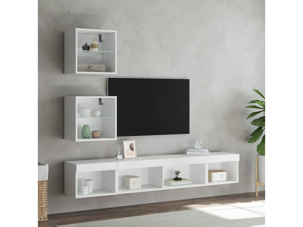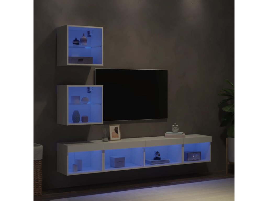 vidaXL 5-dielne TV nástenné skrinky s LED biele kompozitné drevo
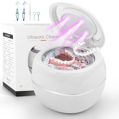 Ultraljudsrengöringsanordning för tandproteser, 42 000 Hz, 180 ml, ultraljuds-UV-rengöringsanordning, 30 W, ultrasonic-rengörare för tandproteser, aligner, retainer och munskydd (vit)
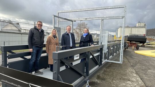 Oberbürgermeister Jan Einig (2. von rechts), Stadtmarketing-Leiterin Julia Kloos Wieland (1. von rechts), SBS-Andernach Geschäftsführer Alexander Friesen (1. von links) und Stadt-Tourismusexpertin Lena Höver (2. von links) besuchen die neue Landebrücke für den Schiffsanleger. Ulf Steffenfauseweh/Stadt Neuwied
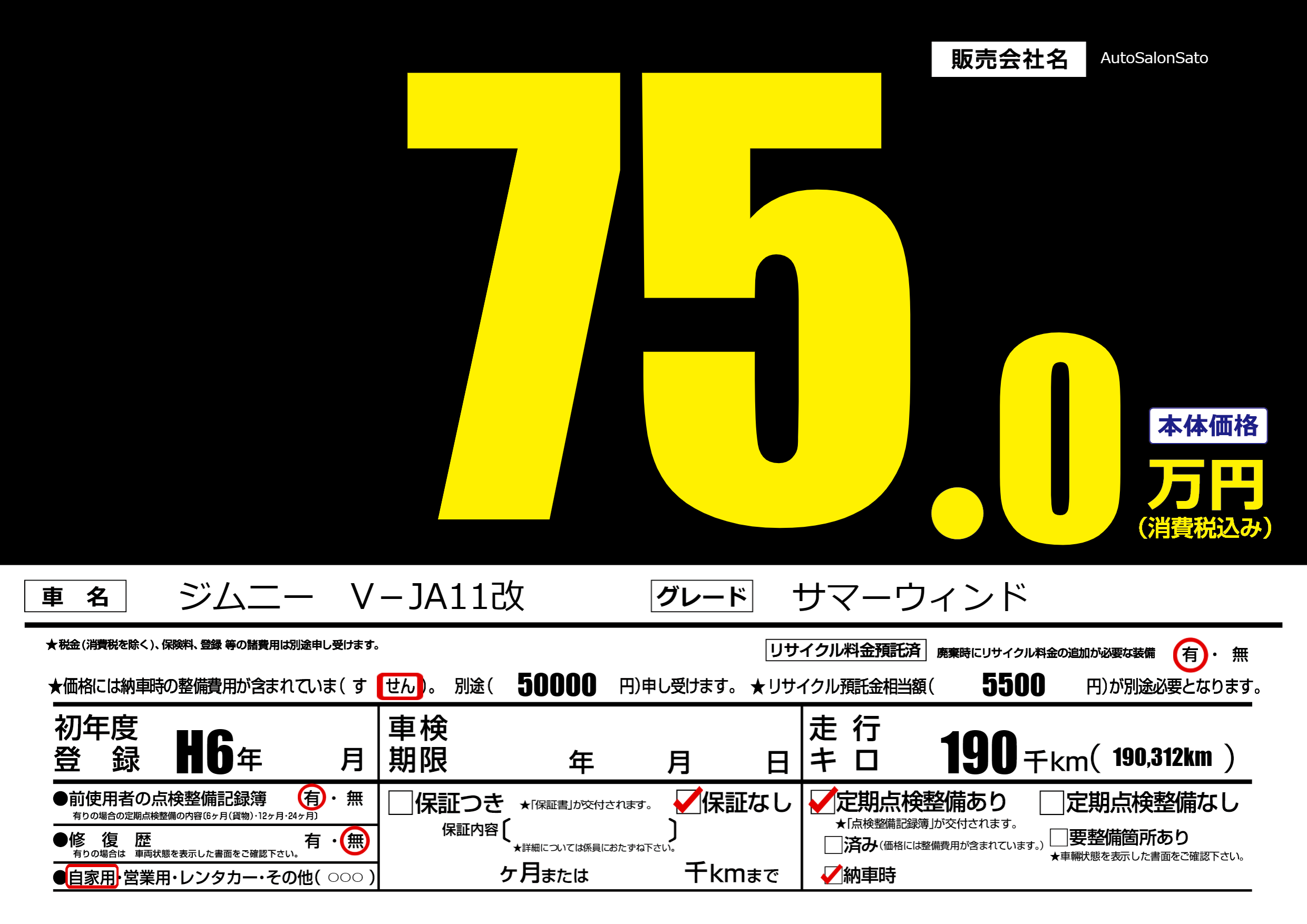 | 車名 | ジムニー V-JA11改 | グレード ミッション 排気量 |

==

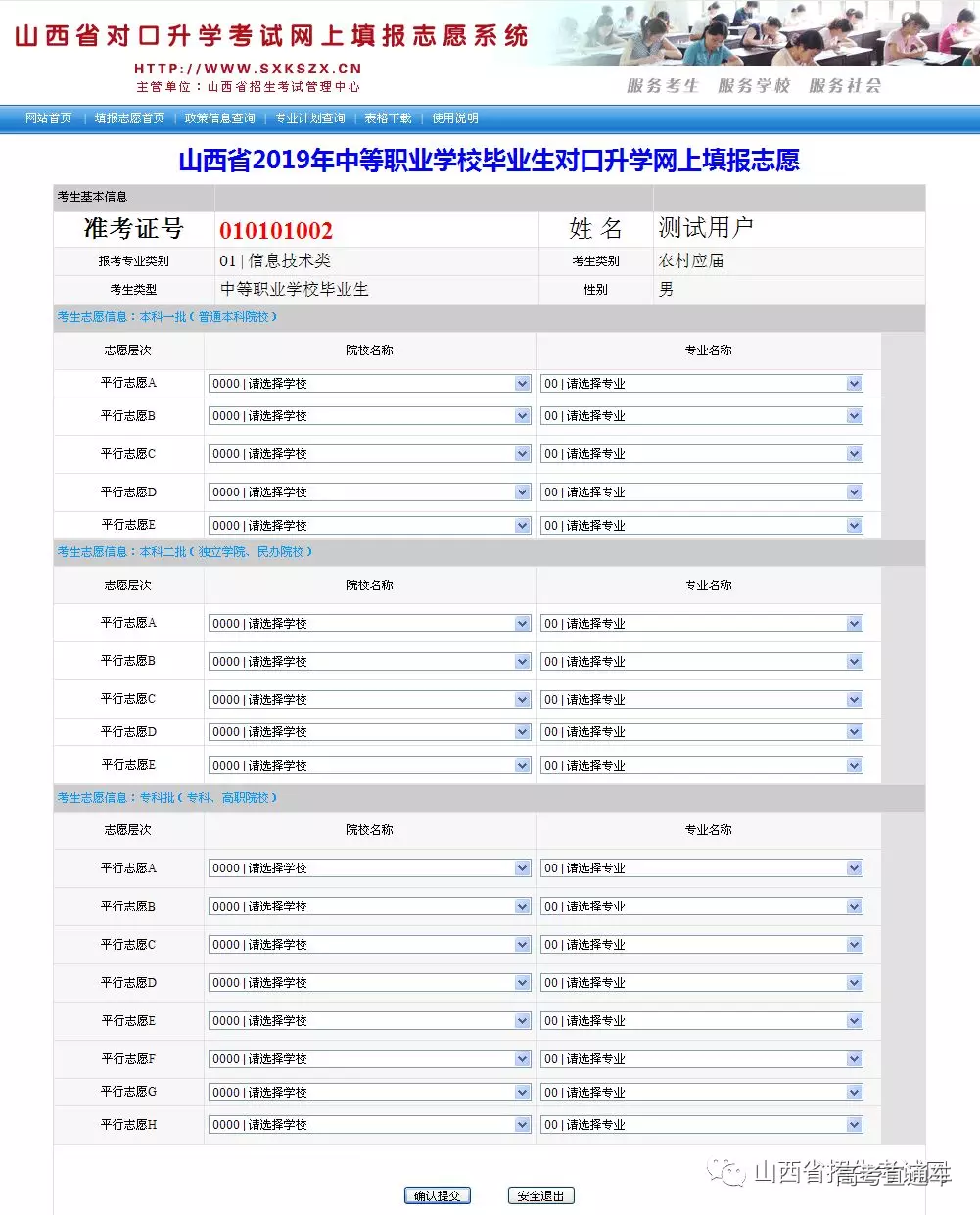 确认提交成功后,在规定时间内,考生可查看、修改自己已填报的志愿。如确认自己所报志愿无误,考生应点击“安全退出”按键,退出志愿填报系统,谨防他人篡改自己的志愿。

* * *

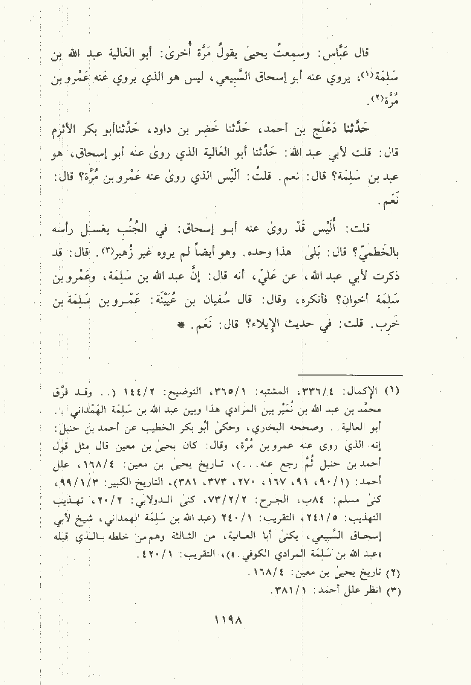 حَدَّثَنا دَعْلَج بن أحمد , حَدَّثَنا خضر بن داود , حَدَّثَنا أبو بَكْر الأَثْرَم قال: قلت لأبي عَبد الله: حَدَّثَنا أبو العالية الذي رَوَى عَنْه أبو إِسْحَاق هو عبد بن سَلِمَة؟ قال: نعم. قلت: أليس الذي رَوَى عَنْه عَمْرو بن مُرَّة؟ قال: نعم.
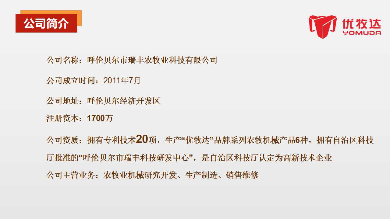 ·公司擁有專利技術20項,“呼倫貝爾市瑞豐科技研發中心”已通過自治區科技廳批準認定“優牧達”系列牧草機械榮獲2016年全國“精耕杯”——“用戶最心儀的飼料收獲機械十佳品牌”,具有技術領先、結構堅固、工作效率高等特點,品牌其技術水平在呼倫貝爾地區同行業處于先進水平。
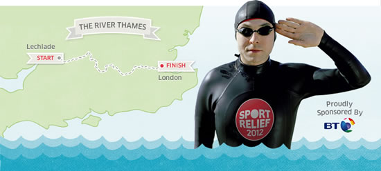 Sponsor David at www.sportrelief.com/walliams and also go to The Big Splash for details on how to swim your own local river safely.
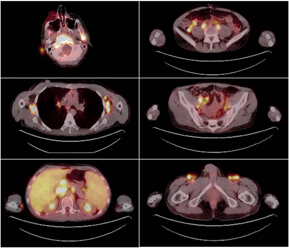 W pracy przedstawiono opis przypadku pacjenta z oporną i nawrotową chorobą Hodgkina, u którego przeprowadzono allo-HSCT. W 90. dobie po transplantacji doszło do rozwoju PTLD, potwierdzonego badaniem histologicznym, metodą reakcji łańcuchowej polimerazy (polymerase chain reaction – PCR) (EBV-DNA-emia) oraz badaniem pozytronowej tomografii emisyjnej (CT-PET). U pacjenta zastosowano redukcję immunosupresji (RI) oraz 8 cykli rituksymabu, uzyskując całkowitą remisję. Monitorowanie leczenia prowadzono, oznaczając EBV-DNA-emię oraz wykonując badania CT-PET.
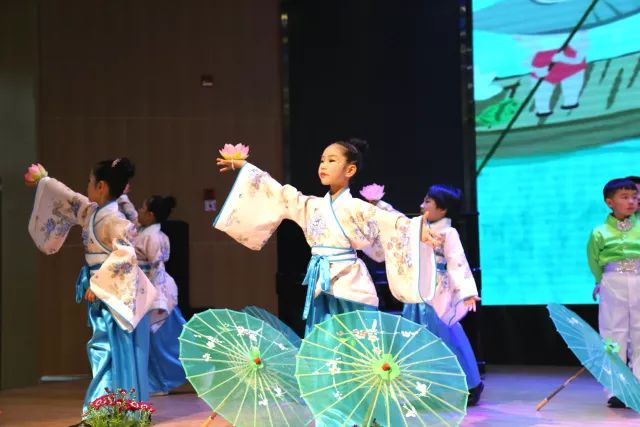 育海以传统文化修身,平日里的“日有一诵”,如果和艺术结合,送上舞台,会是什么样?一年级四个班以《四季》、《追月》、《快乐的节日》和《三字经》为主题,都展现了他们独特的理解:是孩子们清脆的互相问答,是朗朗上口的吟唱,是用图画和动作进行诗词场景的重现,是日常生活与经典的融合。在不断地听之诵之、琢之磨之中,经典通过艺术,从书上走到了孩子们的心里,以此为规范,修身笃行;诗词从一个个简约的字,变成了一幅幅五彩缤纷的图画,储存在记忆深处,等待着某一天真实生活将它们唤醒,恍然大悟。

_The problem:_ Copy the lines above between the one holding "حَدَّثَنا دَعْلَج بن" and the one holding "育海以传统文化修身,平日里的", inclusive. Drop the pictures.

_Solution for this problem:_
 حَدَّثَنا دَعْلَج بن أحمد , حَدَّثَنا خضر بن داود , حَدَّثَنا أبو بَكْر الأَثْرَم قال: قلت لأبي عَبد الله: حَدَّثَنا أبو العالية الذي رَوَى عَنْه أبو إِسْحَاق هو عبد بن سَلِمَة؟ قال: نعم. قلت: أليس الذي رَوَى عَنْه عَمْرو بن مُرَّة؟ قال: نعم.
 ·公司擁有專利技術20項,“呼倫貝爾市瑞豐科技研發中心”已通過自治區科技廳批準認定“優牧達”系列牧草機械榮獲2016年全國“精耕杯”——“用戶最心儀的飼料收獲機械十佳品牌”,具有技術領先、結構堅固、工作效率高等特點,品牌其技術水平在呼倫貝爾地區同行業處于先進水平。
 Sponsor David at www.sportrelief.com/walliams and also go to The Big Splash for details on how to swim your own local river safely.
 W pracy przedstawiono opis przypadku pacjenta z oporną i nawrotową chorobą Hodgkina, u którego przeprowadzono allo-HSCT. W 90. dobie po transplantacji doszło do rozwoju PTLD, potwierdzonego badaniem histologicznym, metodą reakcji łańcuchowej polimerazy (polymerase chain reaction – PCR) (EBV-DNA-emia) oraz badaniem pozytronowej tomografii emisyjnej (CT-PET). U pacjenta zastosowano redukcję immunosupresji (RI) oraz 8 cykli rituksymabu, uzyskując całkowitą remisję. Monitorowanie leczenia prowadzono, oznaczając EBV-DNA-emię oraz wykonując badania CT-PET.
 育海以传统文化修身,平日里的“日有一诵”,如果和艺术结合,送上舞台,会是什么样?一年级四个班以《四季》、《追月》、《快乐的节日》和《三字经》为主题,都展现了他们独特的理解:是孩子们清脆的互相问答,是朗朗上口的吟唱,是用图画和动作进行诗词场景的重现,是日常生活与经典的融合。在不断地听之诵之、琢之磨之中,经典通过艺术,从书上走到了孩子们的心里,以此为规范,修身笃行;诗词从一个个简约的字,变成了一幅幅五彩缤纷的图画,储存在记忆深处,等待着某一天真实生活将它们唤醒,恍然大悟。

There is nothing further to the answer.